In response to an enquiry by Autocar, a spokesman said: “We are making sure that motoring tax revenues keep pace with the switch to electric vehicles, whilst keeping it affordable for consumers, and have no plans to introduce road pricing.
With the EV transition accelerating, it’s right that all drivers start to make a fair tax contribution through changes to vehicle excise duty.”
Pay-per-mile road charging alternatives
The Treasury’s, and by extension the government’s, unwillingness to engage with the debate around the future of fuel duty is prompting others to propose their own solutions.
In May, in a document called ‘The future of driving’, the Centre for Policy Studies think tank suggested a ‘pay as you drive’ scheme for zero-emission vehicles.

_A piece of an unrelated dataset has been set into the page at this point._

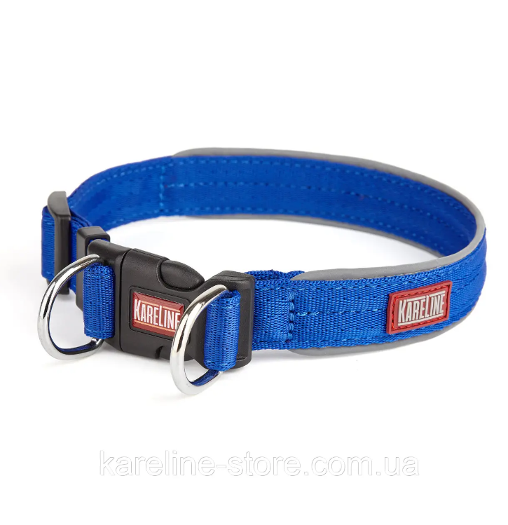 Нашийник "KARELINE Keeper" нейлоновий з пластикової пряжкою і світловідбиваючим кантом, 15 мм 240-340 мм (Синій)

ZEVs would be charged a flat rate for every mile driven but still pay significantly less than their petrol and diesel counterparts, it said. While everyone would be allocated a set number of tax-free miles a year, the allocation would be higher for those living in remote areas with fewer transport alternatives.
Eventually, as the share of ZEVs on the roads grows, this new per-mile charging system could completely replace fuel duty and vehicle excise duty for all vehicles, the Centre for Policy Studies suggested.
Mileage data would be gathered by a variety of means including being submitted manually, by an on-board device transmitting it or by GPS tracking of the vehicle.
The RAC said its research found that drivers supported the principle of ‘the more you drive, the more tax you should pay’ but were concerned the government might use such a system to increase the amount they are taxed.
Simon Williams, RAC head of policy, said: “There are so many unanswered questions. Fuel duty could simply increase to encourage the transition to EVs but when would be the best time to do it? The pence-per-mile solution sounds best but how would it be applied – at MOT time, in which case cars less than three years old would avoid it?
“Using cameras to monitor every road, large and small, would be very expensive – and look how ULEZ cameras have been vandalised in London. Whatever the solution, it must be a common-sense one and revenue-neutral.”